● **What you need to do**:
The line containing "Incasso von Archirivolto" marks the end: extract everything from the first line of the data through that line, exactly, with no pictures.

● **Listed entries**:
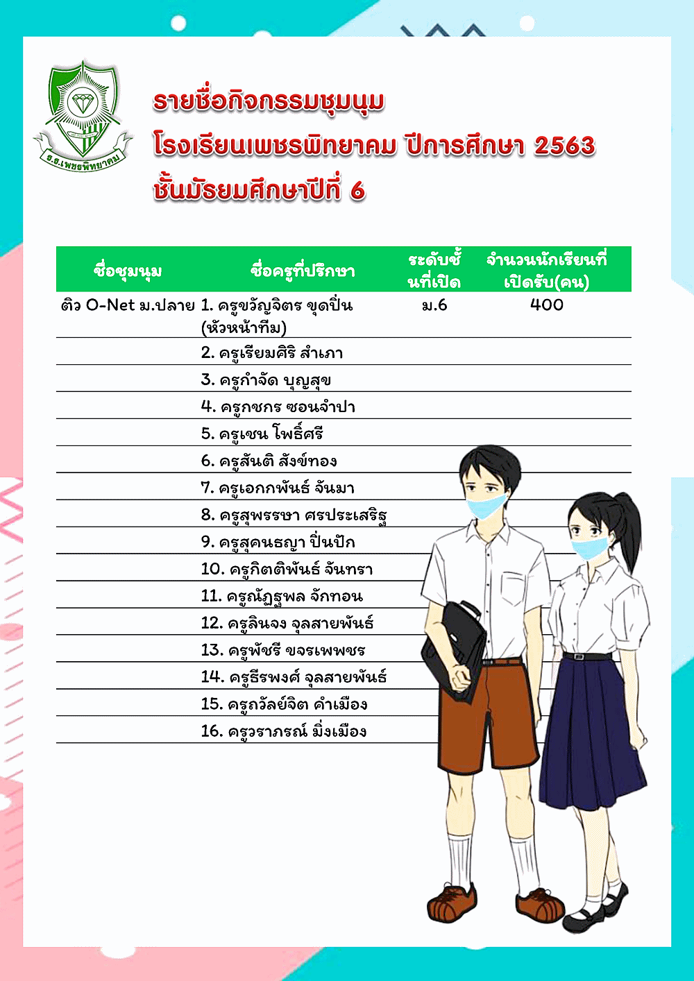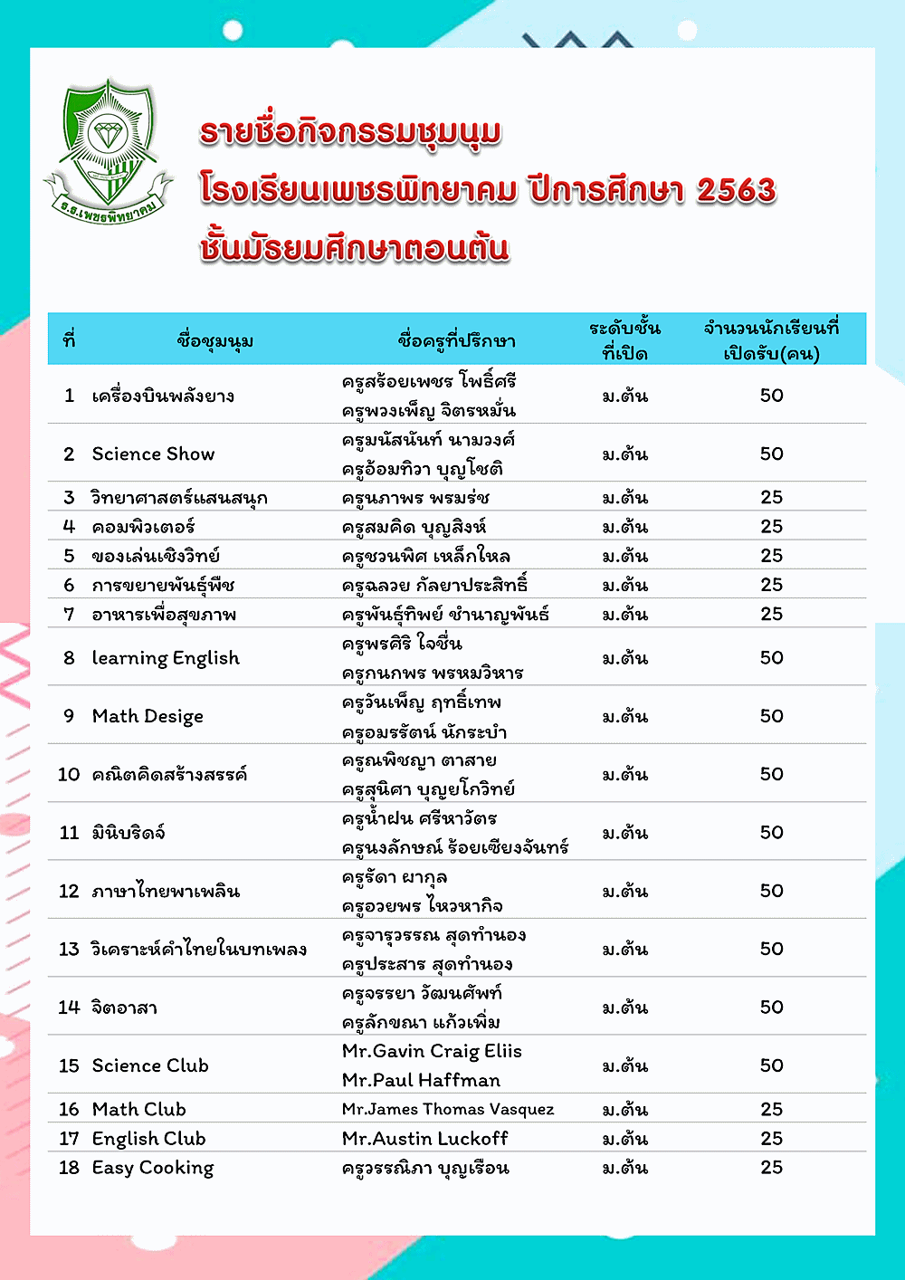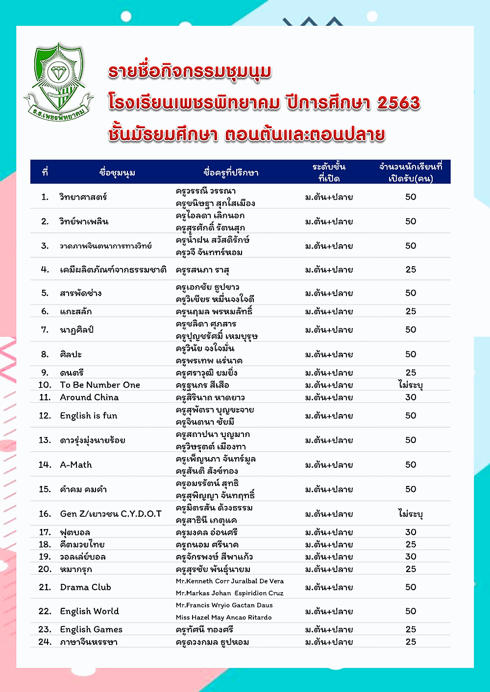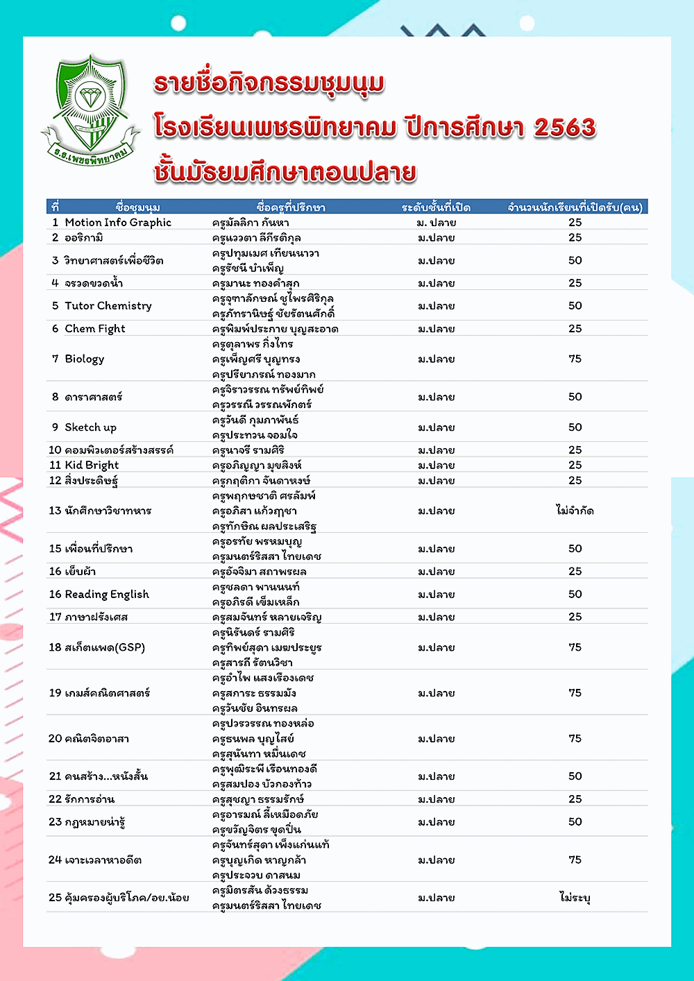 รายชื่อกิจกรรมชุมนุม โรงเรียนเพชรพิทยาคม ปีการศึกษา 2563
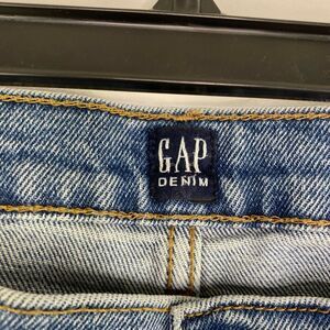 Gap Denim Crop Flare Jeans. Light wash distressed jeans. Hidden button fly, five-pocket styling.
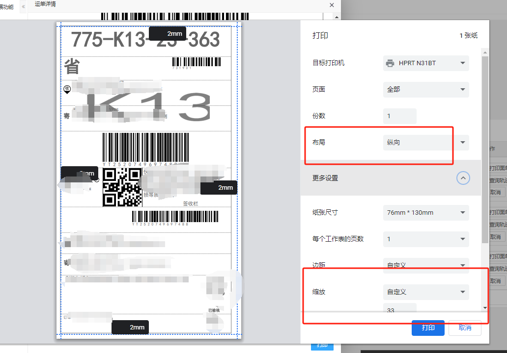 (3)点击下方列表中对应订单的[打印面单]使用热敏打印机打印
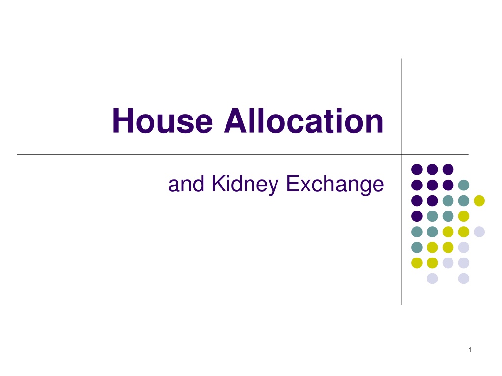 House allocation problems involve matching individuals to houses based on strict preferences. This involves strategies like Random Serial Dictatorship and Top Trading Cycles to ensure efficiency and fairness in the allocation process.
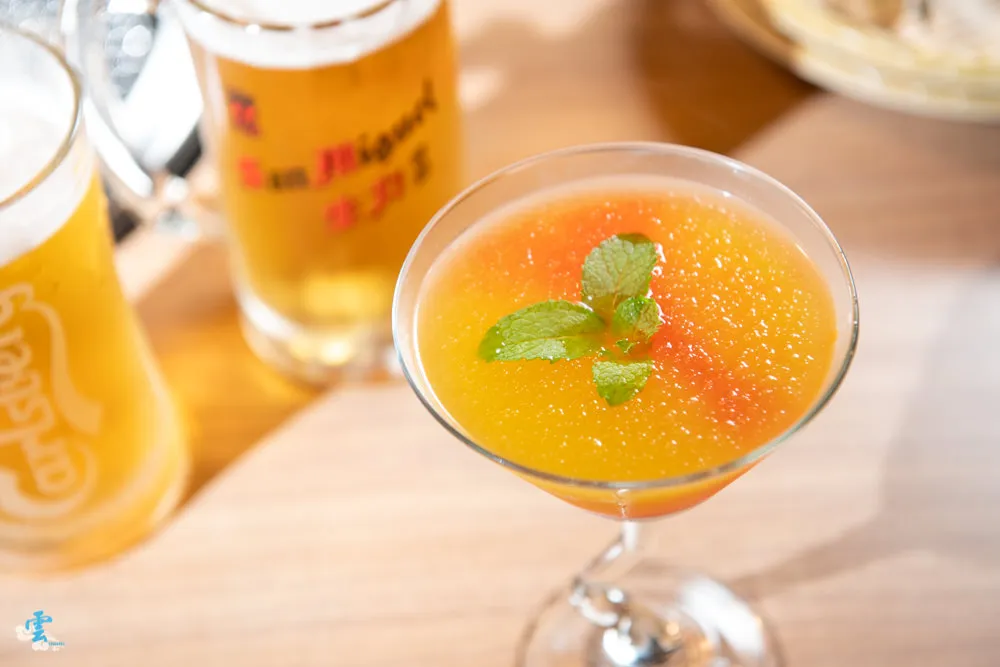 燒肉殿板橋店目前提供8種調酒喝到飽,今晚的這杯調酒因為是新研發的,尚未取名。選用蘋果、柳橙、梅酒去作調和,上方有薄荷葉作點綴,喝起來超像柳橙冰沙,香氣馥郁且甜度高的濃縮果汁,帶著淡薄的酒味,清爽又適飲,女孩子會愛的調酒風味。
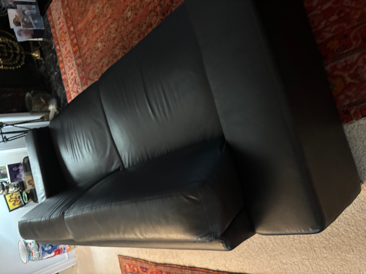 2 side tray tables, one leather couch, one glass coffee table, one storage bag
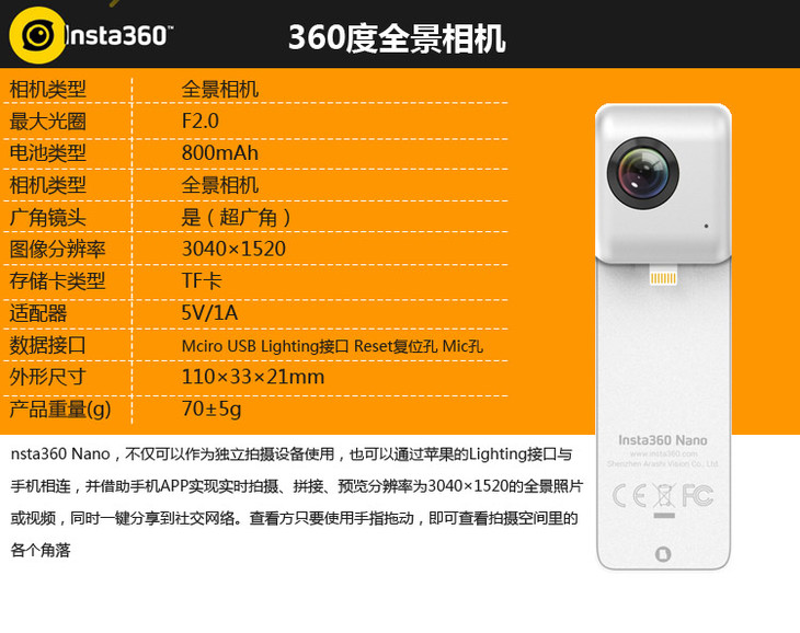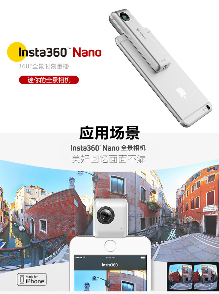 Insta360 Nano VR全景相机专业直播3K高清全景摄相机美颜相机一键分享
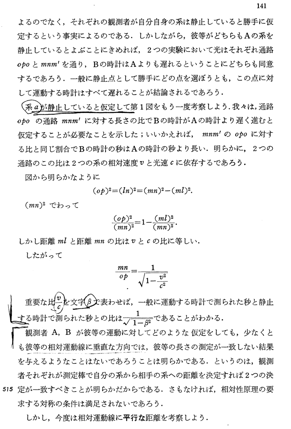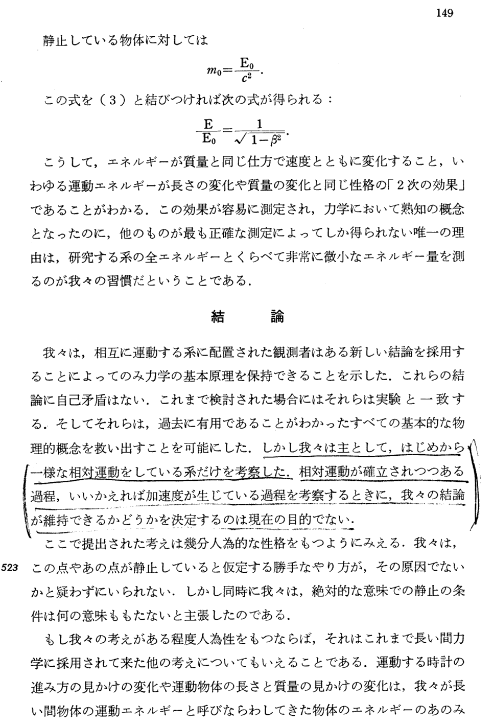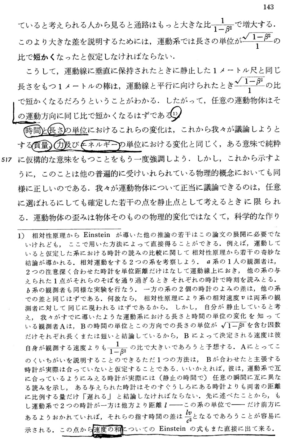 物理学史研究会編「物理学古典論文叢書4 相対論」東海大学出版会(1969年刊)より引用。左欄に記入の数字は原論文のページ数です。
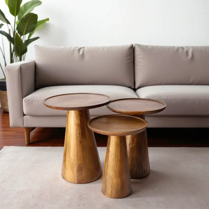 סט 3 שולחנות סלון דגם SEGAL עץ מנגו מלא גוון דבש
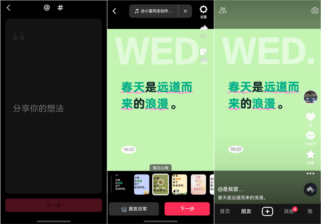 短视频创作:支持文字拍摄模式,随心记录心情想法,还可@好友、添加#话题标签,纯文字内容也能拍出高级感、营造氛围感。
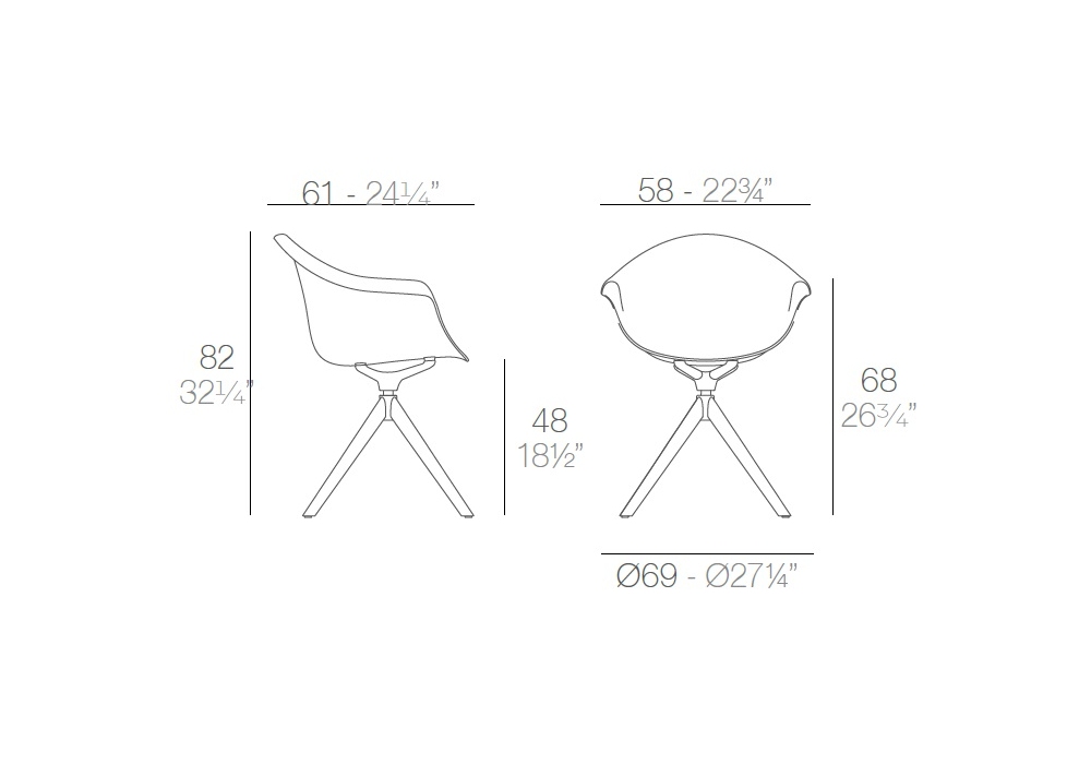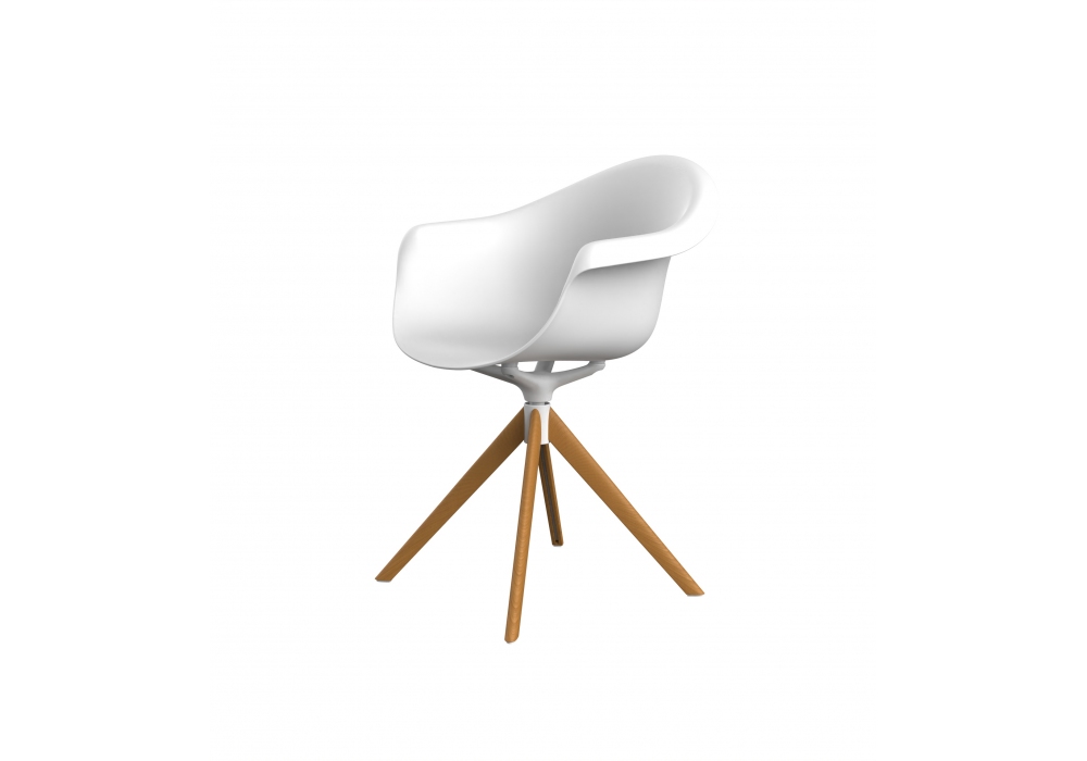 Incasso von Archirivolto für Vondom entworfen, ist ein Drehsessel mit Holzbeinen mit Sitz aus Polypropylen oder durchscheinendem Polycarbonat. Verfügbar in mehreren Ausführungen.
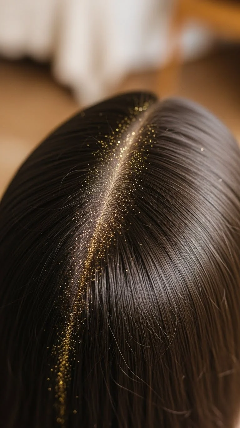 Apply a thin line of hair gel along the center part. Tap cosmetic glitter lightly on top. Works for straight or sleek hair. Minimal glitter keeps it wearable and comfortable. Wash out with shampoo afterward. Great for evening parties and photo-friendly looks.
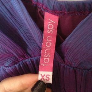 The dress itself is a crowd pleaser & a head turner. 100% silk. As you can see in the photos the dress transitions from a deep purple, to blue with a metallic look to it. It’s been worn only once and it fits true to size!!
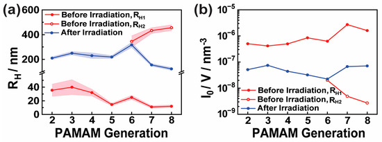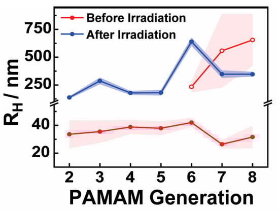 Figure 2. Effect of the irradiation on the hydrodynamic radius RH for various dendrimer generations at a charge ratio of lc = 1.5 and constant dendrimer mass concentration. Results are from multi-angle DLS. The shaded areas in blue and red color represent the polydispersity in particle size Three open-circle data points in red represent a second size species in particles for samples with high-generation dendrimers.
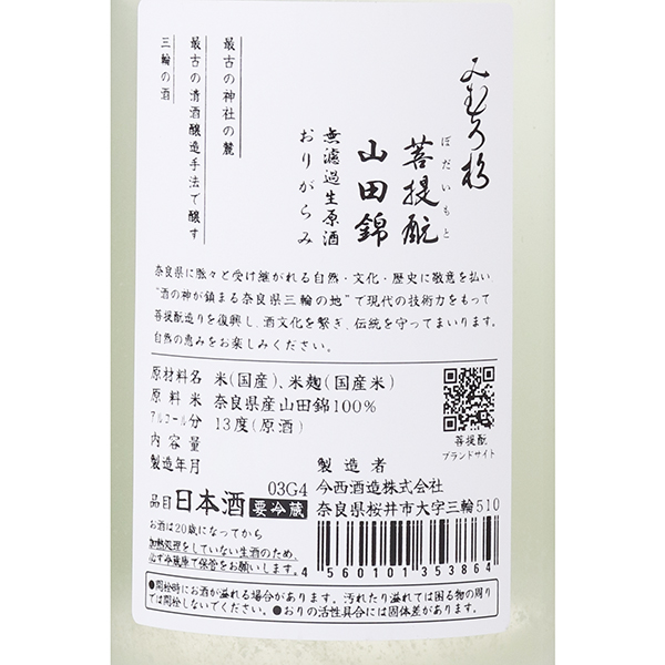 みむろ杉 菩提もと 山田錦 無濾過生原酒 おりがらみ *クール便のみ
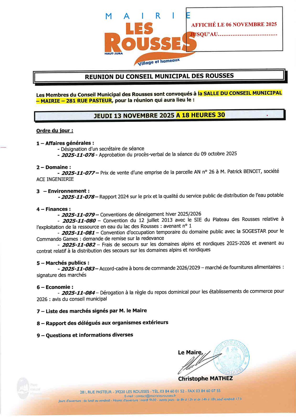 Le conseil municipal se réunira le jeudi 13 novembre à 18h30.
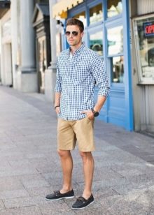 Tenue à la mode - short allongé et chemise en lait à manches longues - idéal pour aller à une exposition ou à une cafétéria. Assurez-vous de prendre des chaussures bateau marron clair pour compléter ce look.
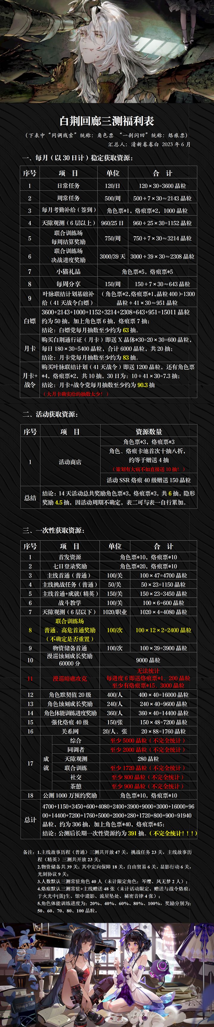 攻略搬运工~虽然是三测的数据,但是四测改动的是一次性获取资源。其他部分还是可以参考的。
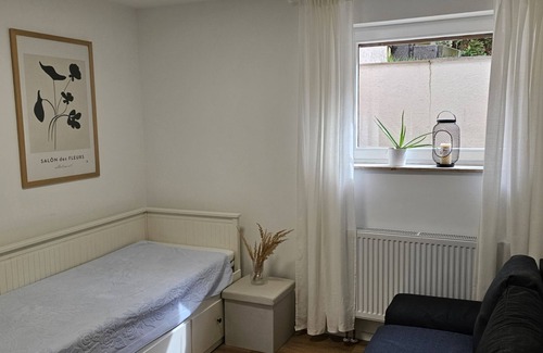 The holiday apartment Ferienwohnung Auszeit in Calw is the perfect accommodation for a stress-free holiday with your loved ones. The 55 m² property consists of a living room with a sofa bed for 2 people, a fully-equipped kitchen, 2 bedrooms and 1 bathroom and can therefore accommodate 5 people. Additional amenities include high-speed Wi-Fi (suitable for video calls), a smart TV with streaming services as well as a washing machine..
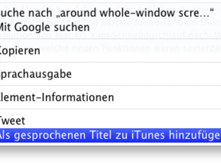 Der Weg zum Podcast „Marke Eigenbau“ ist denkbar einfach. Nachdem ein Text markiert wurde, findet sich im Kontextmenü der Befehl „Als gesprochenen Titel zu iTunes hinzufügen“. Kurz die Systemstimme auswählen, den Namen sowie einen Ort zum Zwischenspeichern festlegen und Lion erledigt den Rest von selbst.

● **Completed task**:
 รายชื่อกิจกรรมชุมนุม โรงเรียนเพชรพิทยาคม ปีการศึกษา 2563
 Gap Denim Crop Flare Jeans. Light wash distressed jeans. Hidden button fly, five-pocket styling.
 (3)点击下方列表中对应订单的[打印面单]使用热敏打印机打印
 House allocation problems involve matching individuals to houses based on strict preferences. This involves strategies like Random Serial Dictatorship and Top Trading Cycles to ensure efficiency and fairness in the allocation process.
 燒肉殿板橋店目前提供8種調酒喝到飽,今晚的這杯調酒因為是新研發的,尚未取名。選用蘋果、柳橙、梅酒去作調和,上方有薄荷葉作點綴,喝起來超像柳橙冰沙,香氣馥郁且甜度高的濃縮果汁,帶著淡薄的酒味,清爽又適飲,女孩子會愛的調酒風味。
 2 side tray tables, one leather couch, one glass coffee table, one storage bag
 Insta360 Nano VR全景相机专业直播3K高清全景摄相机美颜相机一键分享
 物理学史研究会編「物理学古典論文叢書4 相対論」東海大学出版会(1969年刊)より引用。左欄に記入の数字は原論文のページ数です。
 סט 3 שולחנות סלון דגם SEGAL עץ מנגו מלא גוון דבש
 短视频创作:支持文字拍摄模式,随心记录心情想法,还可@好友、添加#话题标签,纯文字内容也能拍出高级感、营造氛围感。
 Incasso von Archirivolto für Vondom entworfen, ist ein Drehsessel mit Holzbeinen mit Sitz aus Polypropylen oder durchscheinendem Polycarbonat. Verfügbar in mehreren Ausführungen.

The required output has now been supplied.